At some point, I will launch a blog entirely devoted to cover songs – they’re a great way to hear musicians taking on melodies and choruses they’d never normally write, and there’s great pleasure to be had in the way a cover puts the stresses in other places: different lyrics, different parts of the melody. (Biffy Clyro’s cover of Rihanna’s Umbrella is a fantastic example of this, turning her robo-sung version’s futuristic, chromed power-chords into something earnest, shivering and down-to-earth.) In these DRM-clad times, there’s also something powerful in the way a cover says no-one owns a song, only a version of it. Most of all, covers affirm that there are times when other people’s words and feelings do better – or are more accurate, more precise, more powerful and timely – than your own.

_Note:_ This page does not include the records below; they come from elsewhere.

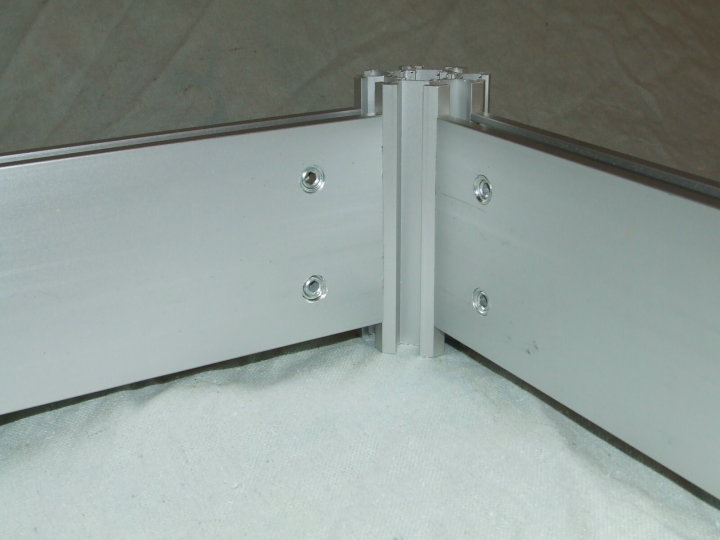 Extruded aluminum cross-beams, machined ends with pre-installed connector assemblies. A universal T-slot runs along the top edge, making it easy to intall after-market coupling and wire-management devices.
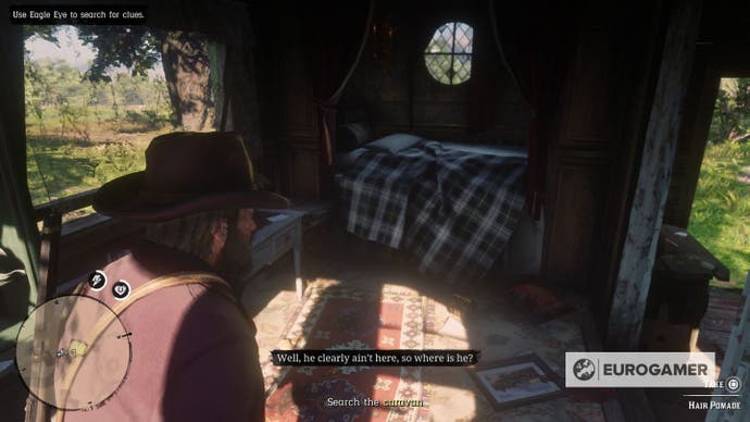 Gehen Sie mit Charles am ausgewiesenen Punkt und suchen Sie den Karawanen. Schauen Sie sich den Schreibtisch links an, um eine Nachricht und einen Hinweis zusagt, nach draußen zu gehen und den Tierspuren zu folgen.
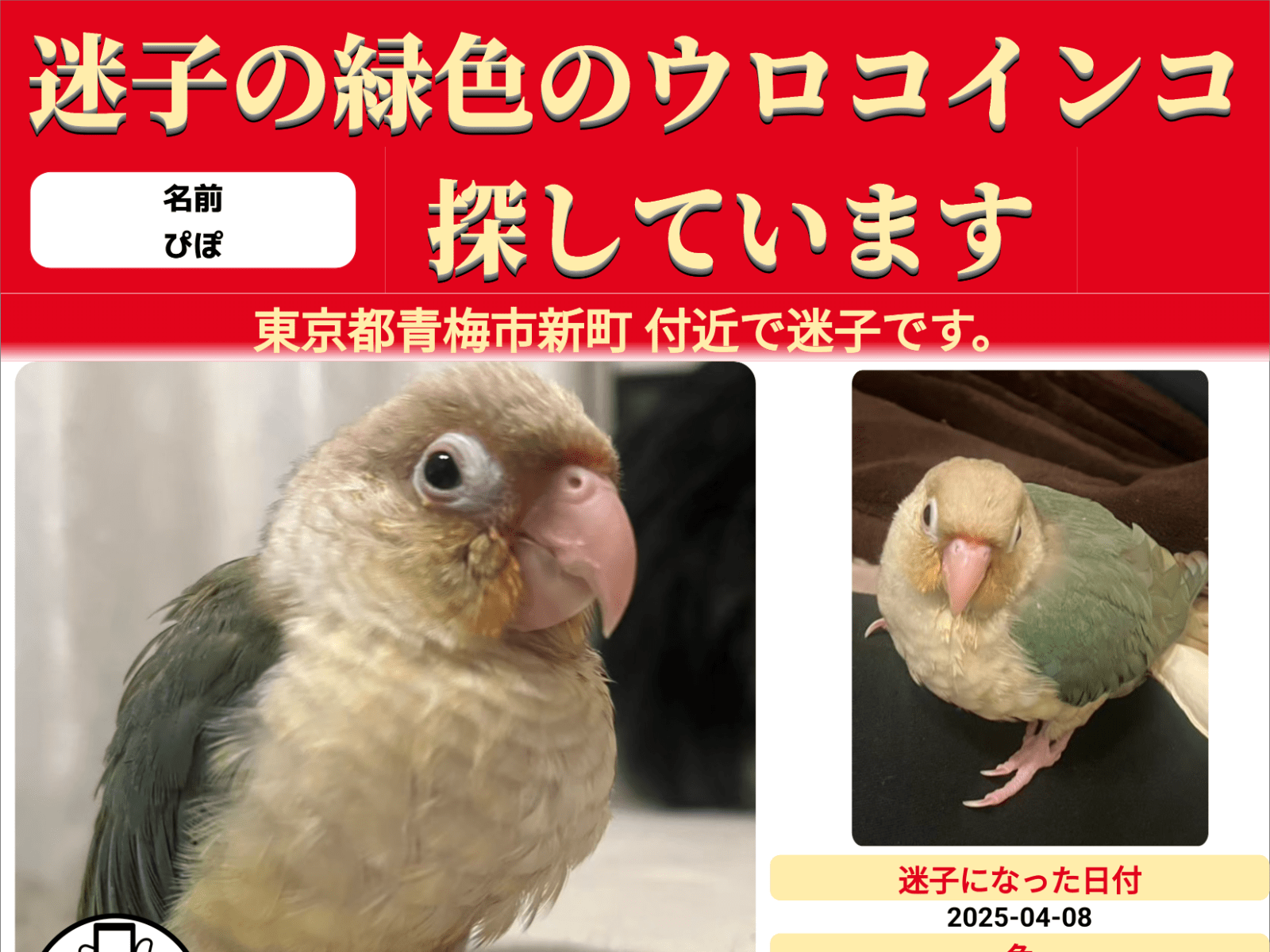 ホーム迷子鳥東京都緑色で目の周りが白い…緑色で目の周りが白いウロコインコパイナップル管理編集するポスター掲載終了最終更新日時:2025/04/11 17:17写真情報用件迷子名前ぴぽ性別不明年齢0歳場所東京都 青梅市新町発生日時2025年4月8日(火)飼い主永田説明まだ小さいのですぐ迎えに行きたいですお願い致します0連絡先URL未設定掲示板情報交換のための掲示板です。ユーザーからの情報提供、オーナーからの連絡などにご利用下さいませ。書き込んだ情報は、オーナーのメールに通知されます。コメントを書き込むおそらく関東(都内?)でウロコインコの目撃情報蒼白返信0件2025/05/24 15:17
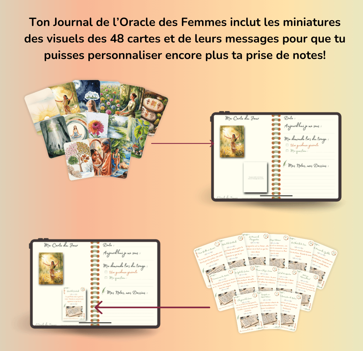 Tu utilises l'Oracle des Femmes et tu veux garder une trace de ce que t’inspire chaque carte,
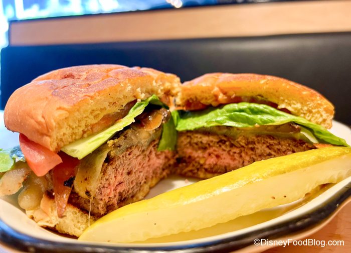 This is a rustic burger, but the burger itself was a little drier than we would’ve liked, although the tomato helps a little with that. The mushrooms, though, are SO good, and have a ton of flavor, especially mixed with the Swiss cheese and onions.
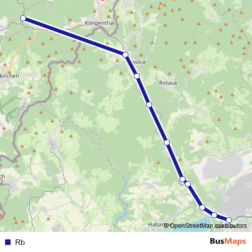 The first stop of the Rb rail route is Sokolov and the last stop is
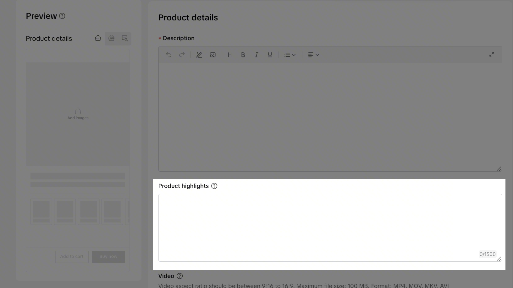 进入商品发布界面,下滑找到Product highlights模块,支持在详描的基础上进一步总结商品核心卖点。
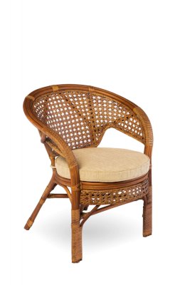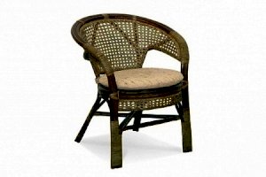 Кресло из натурального ротанга с подушкой и плетеной спинкой Пеланги.
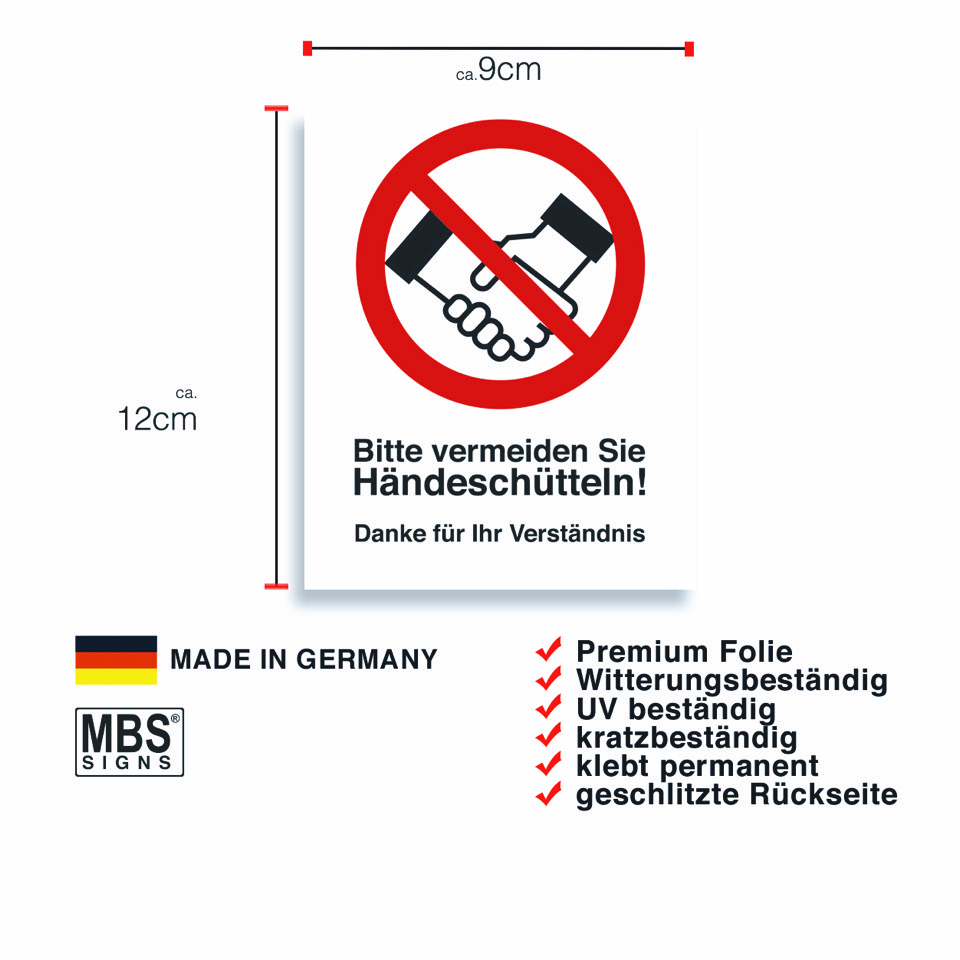 10x Warnaufkleber „Bitte vermeiden Sie Händeschütteln“ Hinweis Etikett | 12x9 cm

Hypeful put up a list of the best cover songs of 2008, and while there’s a fair amount of crap on there1, and a couple degraded by dubious bootleg quality2 there are two fantastic covers well worth a download. The first is the Last Shadow Puppets’ cover of Rihanna’s SOS, done in their own creepy Ennio Morricone/Mad Men style. Best of the list though, is actually its number one – Vampire Weekend covering Fleetwood Mac’s Everywhere. Their vocals aren’t as smooth as the originals, but they’ve amped up the rhythm, stripped the sugary synths and it all fits beautifully.
The Vampire Weekend album was one of my favourites from last year, and is well worth picking up – plus, if you use this the link to get it from Amazon’s MP3 store I’ll get a couple of digital shekels.
1 Gnarls Barkley, who cover Radiohead’s ‘Reckoner’ using the medium of interpretive gurning.
2 Spoon, doing Panic! Should have been great, but the recording is very murky.